Purchase file inspection method based on improved natural language processing
Technical Field
The invention belongs to the technical field of electronic document auditing systems, and particularly relates to a purchasing file inspection method based on improved natural language processing.
Background
When an electronic document is automatically processed, based on knowledge graphs in different fields, after the electronic document is scanned by OCR, normalization and intelligent processing of unstructured content of the electronic document by adopting natural language processing NLP are common technologies, the technologies are commonly used in a file auditing system, and the judgment of similarity among multiple files is a common auditing requirement.
When the existing document auditing system judges the similarity of documents, keywords of bidding documents are extracted and calculated through the central words, high-frequency words are extracted and calculated through text information, and difference analysis is carried out on the keywords and the high-frequency words, so that early warning is given to the condition of high similarity of the documents, and the early warning is fed back to auditors.
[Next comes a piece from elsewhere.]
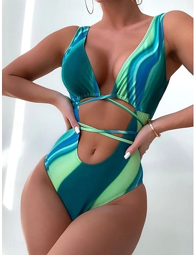 Mujer Bañadores Una pieza Monokini Traje de baño Control de barriga Alta cintura Delgado Espalda al Aire Vacaciones Ropa de playa Ombre Escote en Pico Sin Mangas Trajes de baño

However, in the existing file auditing system, a compliance auditing method for electronic purchase files is lacked, a rule base and an expert experience knowledge base are not formulated from the perspective of the possibility of label string for the purchase files, and a step of providing experts and auditors for interaction participation in training and error correction is not provided, so that a similarity judgment result of the purchase files is different from an actual situation. In the prior art, a traditional multilayer converter structure is used, the capability of extracting text information features is not strong enough, the training speed is low, parallelization processing cannot be realized, and the semantic distinction of words and phrases in the same sentence pattern is not obvious. In addition, the multi-layer converter is long in training time, large in network parameters, large in occupied space, low in prediction speed, and not suitable for generating tasks, processing ultra-long texts and processing tasks which only need shallow semantics.
Disclosure of Invention
In order to overcome one or more defects and shortcomings in the prior art, the invention aims to provide a purchase file inspection method based on improved natural language processing, which is used for performing semantic similarity analysis on a purchase file to judge whether a purchase non-compliance condition exists.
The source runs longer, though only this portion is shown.